The core of solving the problem is embedding, which literally translates to embedding, but it is not easy to understand. In general we can think of it as a vector representation of some feature. For example, in Word2Vec, what we do is we take a word and represent it as a vector. These vectors are called Word embedding. Embedding has a characteristic that its length is fixed, but its value is generally learned by neural network.

We can use the same way of embedding training to train some feature embedding in the neural network, so that the workload of feature engineering we need is greatly reduced. However, it is also wrong to only use embedding, which may cause over-fitting in some scenes. Therefore, we need to combine linear features and sparse features, so that the model can not fall into over-fitting and have enough ability to learn better effects.

Introduction to the

As we shared in previous articles, recommendation systems can also be thought of as a ranking system for search. The input is a user and the context information the user browses, and the result is a sorted sequence.

Because of this, recommendation systems will also face a similar challenge as search ranking systems — the tradeoff between memorization and generalization. Memorization can be simply understood as a kind of learning between pairs of goods or features. Since the historical behavior characteristics of users are very strong features, memorization can bring better effects. But at the same time, there will be problems, the most typical problem is the model generalization ability is not enough.

For generalization, the main sources are the correlation and transitivity between features. Feature A and B may be directly related to label, or feature A may be related to feature B, and feature B may be related to label, which is called transitivity. By using the transitivity of features, we can explore some feature combinations rarely seen in historical data, thus obtaining strong generalization ability.

In large-scale online recommendation and ranking systems, linear models such as LR are widely used because of their simplicity, extensibility, high performance, and good interpretability. These models are often trained with binary data such as one-hot, for example, where user_installed_app= Netflix is 1 if the user has Netflix installed, and 0 otherwise. So, some second-order features are quite explicable.

For example, if the user has also browzed Pandora, then user_installed_app= Netflix and impression_app= Pandora will be 1, and the weight of the combined feature is actually the correlation between the two. However, such features require a lot of manual operation, and due to the sparsity of samples, the model cannot learn the weight of some combinations that have not appeared in the training data.
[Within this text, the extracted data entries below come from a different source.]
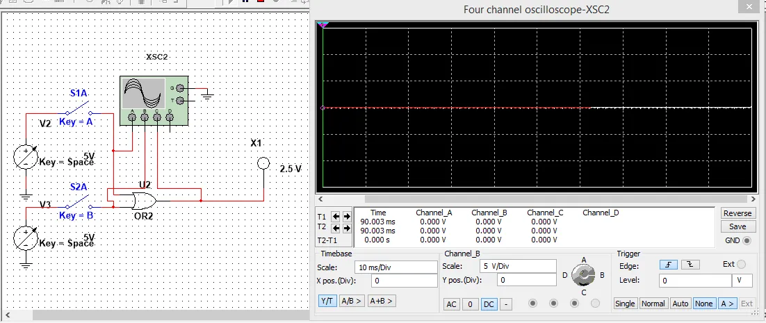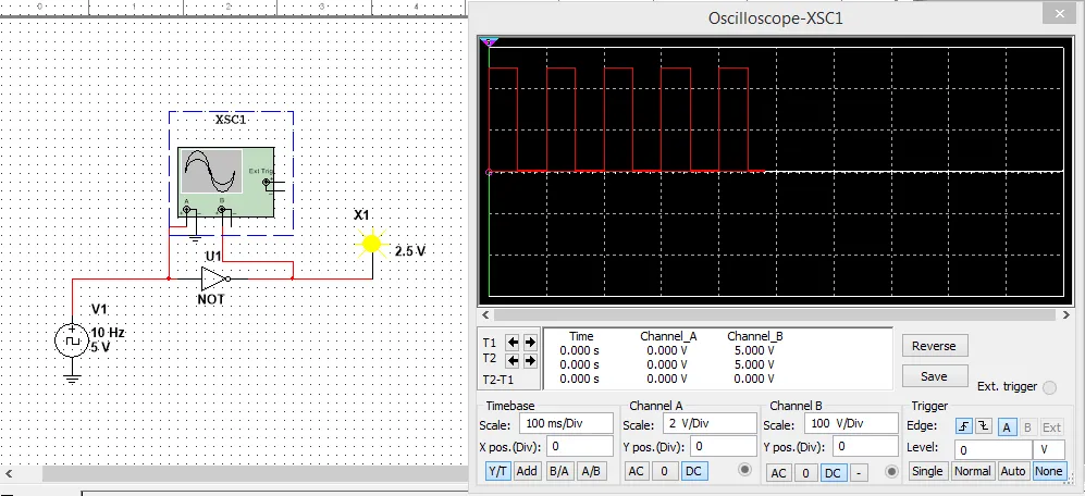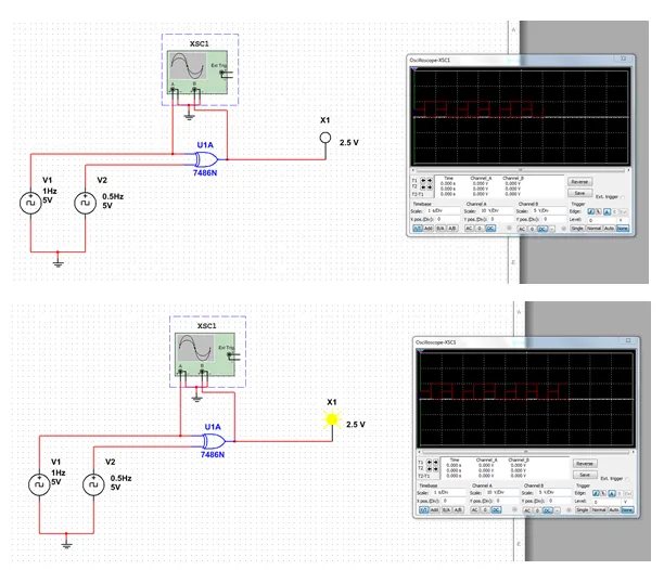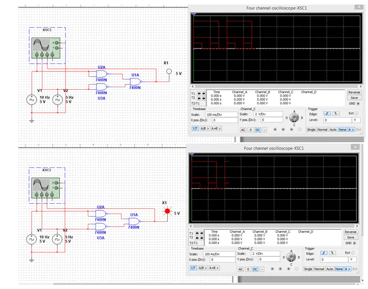 As you can see from the Waveform in the Oscilloscope, where I put different Scales for each different Input, the Probe lights only when the Outputs are 0 and 1 or vise versa that means they differentiate!
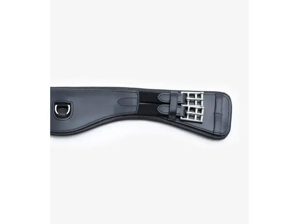 Anatomical shaping provides more room behind the horse’s front legs, decreasing restriction with the potential of increasing performance. Specifically designed for dressage saddles, monoflap saddles or saddles which have longer girthing straps. A central D-Ring attachment allows a martingale, breastplate or training aid to be attached if needed. Smooth leather panel work combined with high quality stitch lines provide a sleek, professional aesthetic. Finished with premium quality stainless steel buckles, this dressage girth is ideal for use on sensitive horses in everyday work or at competitions.
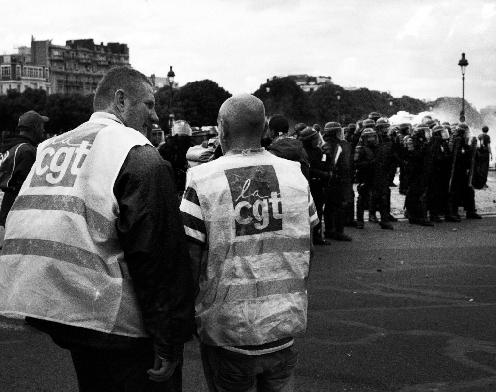 Le mouvement contre la loi du travail réunit dans la rue syndicalistes, salariés, lycéens, étudiants, intermittents et autres précaires. Une bien belle foule qui dit « non » sans pour autant employer les mêmes méthodes. Au milieu, l’incontournable CGT. Fer de lance du syndicalisme à la française, et symbole phare dans l’appréhension de l’histoire des conquêtes sociales. Une CGT qui a – une fois encore – révélé ses multiples facettes tout au long du mouvement, notamment à travers la figure de son service d’ordre. Séquestrations de patron et arrachages de chemise ne sont que des doux souvenirs quand il s’agit de réprimer tous les comportements qui échappent au scénario établi d’une manifestation. Et puis voilà qu’apparaissent les vidéos de la manifestations du 14 juin à Paris, où des membres de la CGT jettent pavés et cailloux sur les CRS. C’est à cet endroit où les positions de la CGT nous déboussolent: admiratifs devant leur force de frappe – liée au blocage notamment, déçus par leur mollesse quand il s’agit de jouer le jeu du dialogue social quitte à cautionner cette démocratie qu’État d’urgence et 49.3 vident de sa substance.
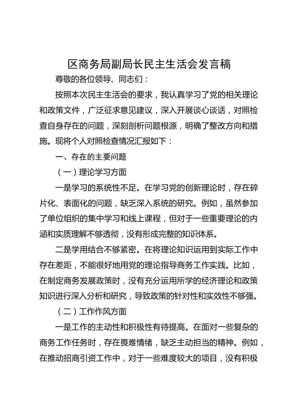 2025區(qū)商務局副局長民主生活會發(fā)言稿VIP免費
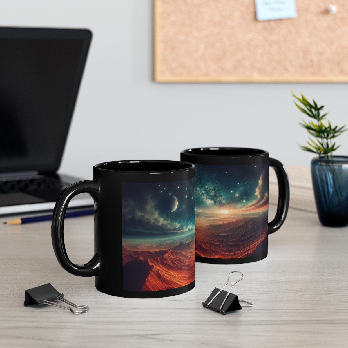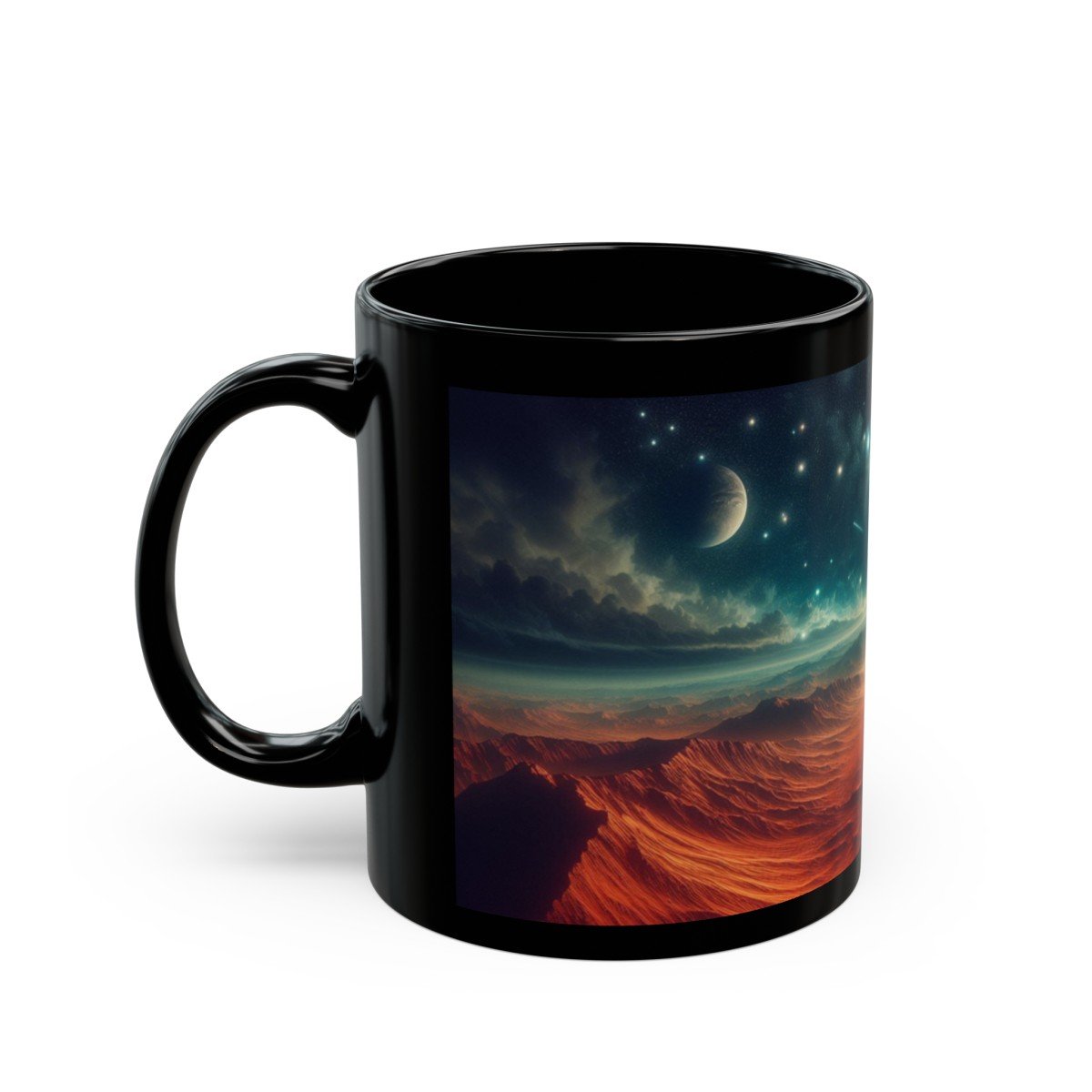 Sip Cosmic Inspiration! Start your day with a celestial twist! Our Mars-inspired coffee mug features a panoramic view of the Red Planet’s rugged surface, complete with Martian mountains and a sprinkling of distant stars. Whether you’re an astronomy enthusiast or simply love a good cup of joe, this mug will transport you to the mysterious landscapes of Mars.
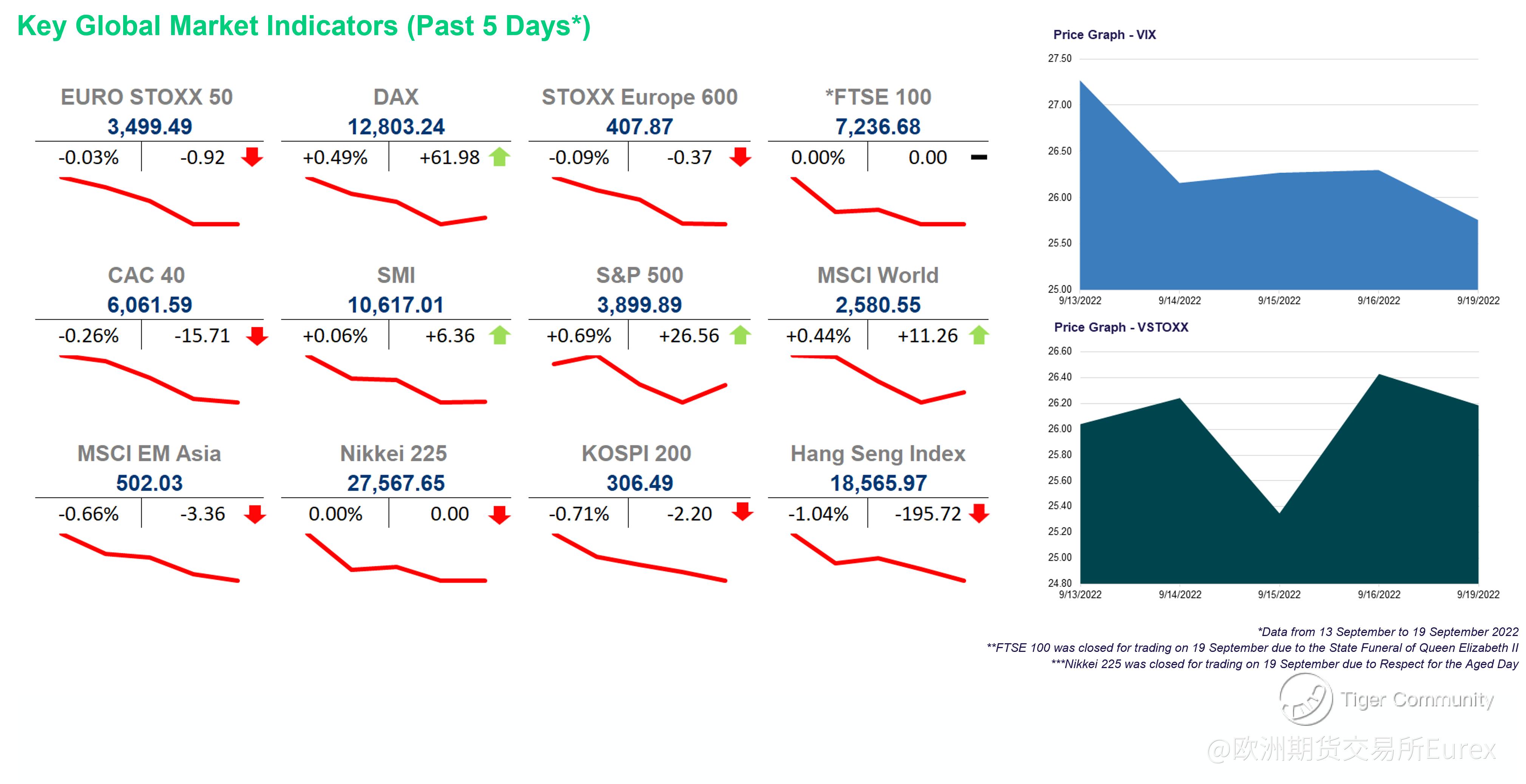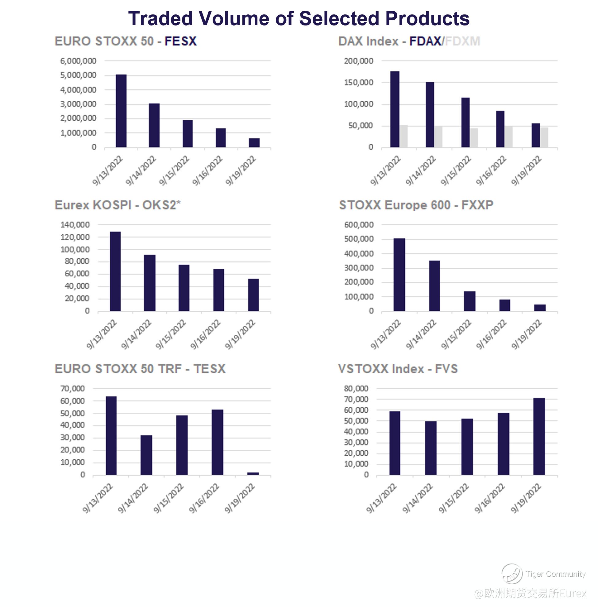 Trading Volume Update: Weekly average volume in EURO STOXX 50® Index Futures reached 2,399,153 lots (EUR 170.6 billion notional) over the past 5 days with a weekly high of 5,068,039 contracts (EUR 363.2 billion notional) on Tuesday (September 13, 2022). Weekly average volume in DAX Futures stood at 116,605 contracts (EUR 75.9 billion notional). Whereas for Mini-DAX futures, weekly average volume stood at 48,281 contracts (EUR 6.3 billion notional).

However, this problem can be solved by embedding based models, such as the FM model introduced earlier, or deep neural networks. It can train the embedding in low dimension and calculate the weight of intersection features with the embedding vector. However, if the features are sparse, it is difficult to guarantee the generated embedding effect. For example, the user’s preference is obvious, or the goods are small. In this case, most of the query-item pairs have no behavior. However, the weight calculated by the embedding may be greater than 0, which leads to overfitting and inaccurate recommendation results. For this special case, the linear model has better ability of fitting and generalization.

In this paper, we will introduce the Wide & Deep model, which is compatible with memory and generalization in one model. It can train both linear model and neural network at the same time, so as to achieve better results.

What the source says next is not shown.